039 とことん話し合えたから成功した、
築28年、一戸建てのリノベーション

東京都 長谷さん 築28年木造在来工法

2階LDKは家の幅の端から端までを使い、約14畳の広さを確保。天井高を既存より1センチ上げ、窓ガラスの大きなサッシを使用することで開放感をアップ。白を基調とした空間にワインレッドをアクセントカラーとした(写真をクリックすると拡大します)

着工直前に契約破棄。新たなリフォーム会社に依頼

 築28年ということもあり、老朽化が進み、すき間風が入るようになっていた。全体的に収納が少なくて片付かない。「家にいたくないので、休みの日はいつも家族で外出していました。そんな日々に終止符をうち、心地良い空間で落ちついて暮らすために大々的なリノベーションに踏み切りました」と語る長谷さん夫妻。この家はご主人が10歳から23歳までを暮らした実家。社会人になってからは実家から独立していましたが、ご両親が別の家に移り住むことになり、入れ替わりで長谷さん夫妻が住むことに。そのまま10年間住んだ後の決断でした。

 建て売り住宅に魅力を感じないので、どこかに移り住むという選択はありませんでした。新しく建て替えるという案もありましたが、現在の建築基準法では、建て替えると今より小さな家になってしまう。この地域は3階建ての建築が不可。地下室をつくろうとしても、すぐ近くに川が流れているので湿気の問題から難しい。上にも下にも伸ばすことができない状況のなかで、現在のスペースを維持しながら、快適な住環境を実現するにはリノベーションという方法をとるしかありませんでした」(ご主人)

 

リビングルーム
1階にあったリビングダイニング。収納が少なく、カラーボックスなどを簡易に置き、いつも雑然としていた(写真をクリックすると拡大します)
リビング

サクラ材のフローリングに白い壁と天井でナチュラルモダンなリビング。ダイニングテーブルはエクステンションタイプ(伸縮式)を選び、両親が遊びに来た時にもゆったり食事が楽しめる(写真をクリックすると拡大します)

 

 

(左)2階、リビングの一角となる階段まわり。木のフレームにアイアンのサークル、タイルの壁をコーディネートして、おしゃれなコーナーを演出(写真をクリックすると拡大します) (右)空間にシャープな印象を与えるスリット型の窓を多用。斜めに開口することができ、風も通せる。光を取り入れながら、壁も多く残せるので、耐震強度の確保の一助にも(写真をクリックすると拡大します)

 

 

(左)バーチカルブラインド(縦型ブラインド)は、白地をベースにアクセントカラーとしてワインレッドをプラス。どこに色を入れるかは、ブラインドメーカー「ニチベイ」のホームページからダウンロードできるアプリケーション「ウィンドウシュミレーター」でシュミレーションしてオーダーした(写真をクリックすると拡大します)
(右)照明は天井埋め込め式のダウンライトに統一してスッキリ。4つのダウンライトを近距離に配置することで、シーリングライトと同じ効果をねらった(写真をクリックすると拡大します)

 「この家は父が建ててくれた家ですし、この緑豊かな環境は母もとても愛していました。私たちがここに住み続けることで親へ感謝の気持ちが表現できると同時に、自分たちのライフスタイルも思う存分反映させることが出来るとの思いもありました。
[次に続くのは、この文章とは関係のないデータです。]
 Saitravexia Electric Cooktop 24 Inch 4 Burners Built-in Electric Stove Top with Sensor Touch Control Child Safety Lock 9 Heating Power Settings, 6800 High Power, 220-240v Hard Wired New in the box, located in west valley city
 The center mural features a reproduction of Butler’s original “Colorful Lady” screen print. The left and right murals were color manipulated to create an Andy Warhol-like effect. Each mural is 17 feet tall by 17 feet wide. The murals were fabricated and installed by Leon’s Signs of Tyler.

」(ご主人)

 そんな長谷さんが最初にプランニングを依頼したのは、ある大手のリフォーム会社。2013年の2~6月にかけて打ち合わせを進めましたが、徐々に不信感がつのっていきました。「こちらからお願いしたことに関しては一応こたえてくれるのですが、先方からプラスアルファの提案というものがまったくないのです。キッチンや内装なんかも『これとこれがありますが、どっちを選びますか?』という具合。着工するまでの打ち合わせ回数も1戸に対して6回くらいと決められているような感じで……。『お宅とはかなり細かく打ち合わせをしている方です』といったことも言われました。こちらは家族のためにああしたい、こうしたいと考え、この家に一生住むつもりで取り組んでいるのに、たった5~6回の打ち合わせで、すべて決めるなんて無謀!と思いましたね」(ご主人)
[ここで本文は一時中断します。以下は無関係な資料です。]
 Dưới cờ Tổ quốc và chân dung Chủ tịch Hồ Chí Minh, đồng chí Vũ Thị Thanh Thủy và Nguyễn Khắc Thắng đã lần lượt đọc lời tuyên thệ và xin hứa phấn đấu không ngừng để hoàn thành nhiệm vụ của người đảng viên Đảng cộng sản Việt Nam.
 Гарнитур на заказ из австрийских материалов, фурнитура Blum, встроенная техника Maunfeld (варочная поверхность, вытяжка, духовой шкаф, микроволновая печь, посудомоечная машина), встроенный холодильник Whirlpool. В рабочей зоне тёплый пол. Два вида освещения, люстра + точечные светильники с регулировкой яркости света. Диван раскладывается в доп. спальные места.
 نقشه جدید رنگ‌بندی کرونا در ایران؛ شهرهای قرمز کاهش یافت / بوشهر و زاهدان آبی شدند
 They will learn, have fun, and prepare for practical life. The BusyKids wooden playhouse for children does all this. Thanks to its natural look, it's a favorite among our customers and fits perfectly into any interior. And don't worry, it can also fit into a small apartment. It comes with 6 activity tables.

 いつしか楽しいはずの住まい設計が、苦痛とあきらめに変わっていき、それでもプランニングは進んでいったのですが、着工まであと1~2週間というとき、長谷さんはこのリノベーションを白紙に戻すことを決断します。その引き金になったのは、棟梁と打ち合わせする日を決めたにもかかわらず、直前になって日時の変更を求められたことでした。今までも打ち合わせの時間に遅れて来たり、約束の時間に出向いても待たされたり、打ち合わせ中に、他のお客さんに電話をして、話を中断されることがよくあったそうです。
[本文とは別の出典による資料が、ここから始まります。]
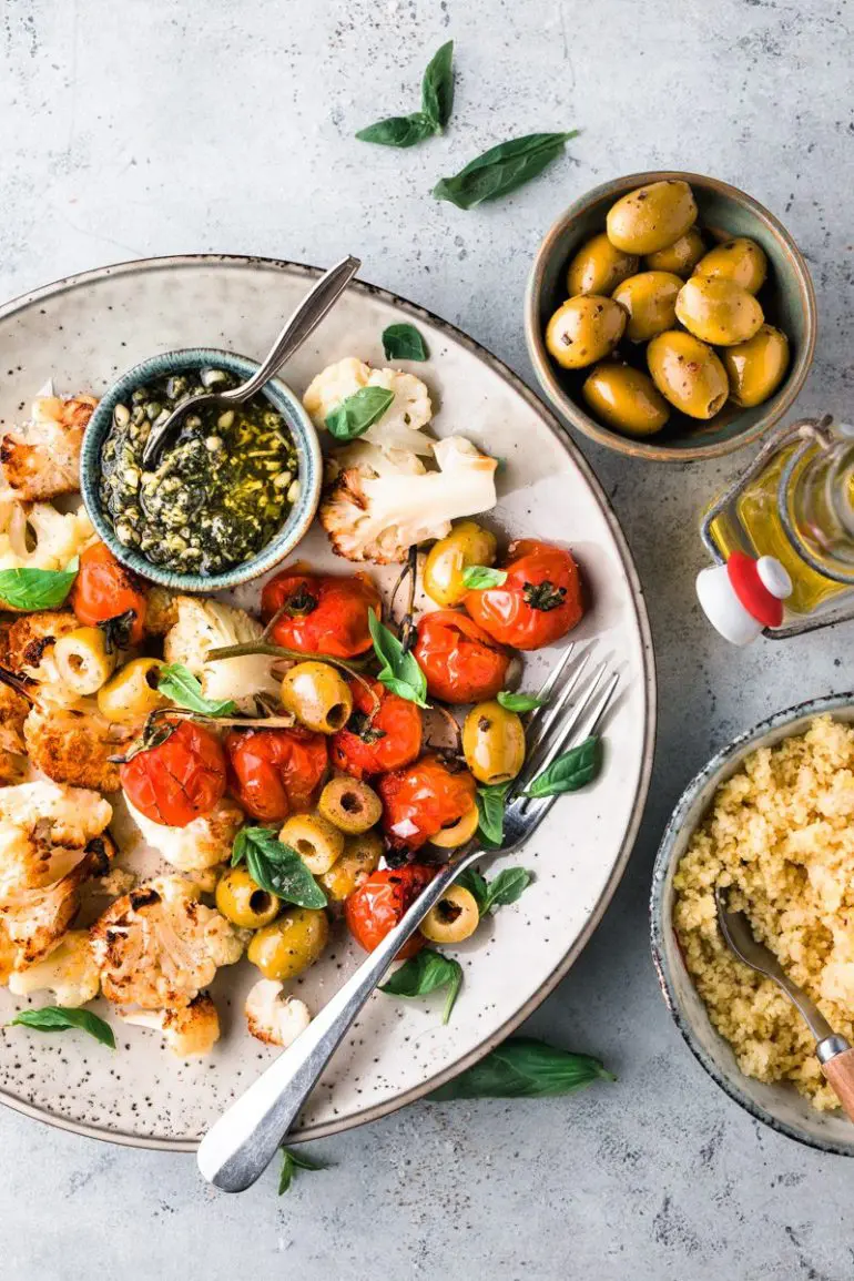 Halveer de olijven en haal de blaadjes basilicum van de takjes. Haal de geroosterde bloemkool uit de oven en verdeel ze over de borden. Leg op elk bord een takje tomaatjes. Schep er wat gele couscous bij en garneer met de olijven, basilicum. Lekker met een royale eetlepel pesto.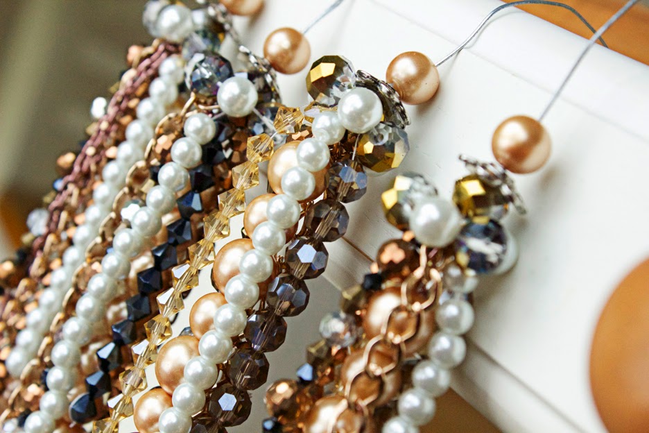 I've collected a bunch of different beads in different mediums; glass beads, crystals, pearls, chain, and some focal pendants. All the materials here I am using are from Cousin Corporation, and can be found at JoAnn fabrics, Michael's, AC Moore stores and Walmart.

 「私は自営で生命保険の代理店の仕事をしているのですが、仕事を介して知り合ったお客さまとは一生のお付き合いになると思って相対しています。だからリフォーム会社の担当者とも一生の付き合いになるだろうと思ってやりとりをしてきたけど、それは難しいなって感じました。だから申しわけないけど、この件はすべて白紙にして欲しいと、キャンセルしたのです」(ご主人)

 そんないきさつがあり、別のリノベーションの会社を探している時、エムズデザインのホームページで知人のリフォーム体験記を発見。その知人にすぐに電話して「エムズデザインって、どんな業者さんでしたか?」と問い合わせました。知人の答えは「社長の林さんは、すごくいい人だよ。ちょっとていねい過ぎるけどね(笑)。話だけでも聞きにいってみれば」でした。長谷さん夫妻はすぐエムズデザイン(埼玉県所沢市)に電話をして伺い、今抱えている思いや不安を聞いてもらいました。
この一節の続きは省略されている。